Plus habitué des pistes damées que des grandes faces nord, le monoski n’est pour autant pas étranger à l’himalayisme. On dénombrait déjà, à la fin des années 1980, quelques premières sur les 8 000 himalayens.

Ainsi, en 1984, une équipe de quatre Français tente sa chance à ski depuis le sommet du Gasherbrum II (8 025 m). Parmi eux, un monoskieur, devenant tout simplement le premier homme à glisser depuis un sommet de plus de 8 000 mètres en monoplanche. L’équipe ne skiera que jusqu’au camp 4, à 7 500 mètres, laissant ainsi à l’équipe de Wim Pasquier et Patrice Bournat le titre de première descente intégrale, un an plus tard.

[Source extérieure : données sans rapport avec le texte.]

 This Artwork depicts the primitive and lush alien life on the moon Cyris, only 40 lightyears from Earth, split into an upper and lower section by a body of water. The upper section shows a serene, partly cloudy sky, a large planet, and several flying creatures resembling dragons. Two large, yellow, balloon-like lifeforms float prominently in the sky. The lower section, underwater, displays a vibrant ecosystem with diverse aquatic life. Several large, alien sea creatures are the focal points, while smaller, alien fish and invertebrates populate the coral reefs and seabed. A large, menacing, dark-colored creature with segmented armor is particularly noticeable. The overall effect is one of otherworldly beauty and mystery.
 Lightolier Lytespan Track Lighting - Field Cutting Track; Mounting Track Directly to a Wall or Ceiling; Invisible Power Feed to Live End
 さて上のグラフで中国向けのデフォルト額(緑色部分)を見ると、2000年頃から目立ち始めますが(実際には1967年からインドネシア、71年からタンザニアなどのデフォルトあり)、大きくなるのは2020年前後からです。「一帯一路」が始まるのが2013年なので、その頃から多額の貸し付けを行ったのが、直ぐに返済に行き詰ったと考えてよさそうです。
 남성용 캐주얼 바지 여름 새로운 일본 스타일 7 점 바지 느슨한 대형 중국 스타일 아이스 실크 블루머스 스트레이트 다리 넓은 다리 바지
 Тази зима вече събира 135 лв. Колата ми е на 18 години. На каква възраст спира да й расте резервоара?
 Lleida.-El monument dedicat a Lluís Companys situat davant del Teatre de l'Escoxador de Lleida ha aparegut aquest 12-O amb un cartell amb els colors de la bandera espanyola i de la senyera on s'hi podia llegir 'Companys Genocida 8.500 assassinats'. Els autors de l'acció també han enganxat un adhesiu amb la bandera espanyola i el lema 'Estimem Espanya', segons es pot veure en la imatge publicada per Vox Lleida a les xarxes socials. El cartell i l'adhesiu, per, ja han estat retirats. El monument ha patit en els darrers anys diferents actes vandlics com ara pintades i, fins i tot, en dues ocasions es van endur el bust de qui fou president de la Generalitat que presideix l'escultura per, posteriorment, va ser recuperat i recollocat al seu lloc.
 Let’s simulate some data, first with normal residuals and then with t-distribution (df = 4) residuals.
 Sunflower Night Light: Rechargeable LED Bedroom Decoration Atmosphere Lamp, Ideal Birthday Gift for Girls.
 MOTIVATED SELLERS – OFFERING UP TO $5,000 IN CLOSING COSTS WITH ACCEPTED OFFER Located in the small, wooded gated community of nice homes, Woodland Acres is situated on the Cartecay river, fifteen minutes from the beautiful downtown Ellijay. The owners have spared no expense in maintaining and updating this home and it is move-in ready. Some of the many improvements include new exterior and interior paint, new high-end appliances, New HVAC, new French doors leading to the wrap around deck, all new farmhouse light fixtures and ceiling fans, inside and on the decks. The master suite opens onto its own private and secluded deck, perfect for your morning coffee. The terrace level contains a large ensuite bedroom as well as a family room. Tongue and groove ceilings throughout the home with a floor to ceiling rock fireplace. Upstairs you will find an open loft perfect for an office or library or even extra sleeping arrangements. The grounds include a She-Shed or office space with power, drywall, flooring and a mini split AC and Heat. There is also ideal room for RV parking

En 1988, Pascal Hittenger viendra lui aussi poser sa spatule sur cette voie normale, accompagné d’Henri Albet en snowboard, de Marc Buscail et de deux sherpas lui montant son monoski au sommet. Par malheur ou faute de carre, après avoir chaussé au point le plus haut, Albet décroche sous le camp III et perd la vie, retirant à Hittenger l’envie de finir sa descente en monoski. Depuis, Tiphaine Duperier, Boris Langenstein, Aurélia Lanoë et Guillaume Pierrel ont pu, eux aussi, s’offrir une descente du treizième plus haut sommet du monde. Entre autres. Et avec deux skis (chacun).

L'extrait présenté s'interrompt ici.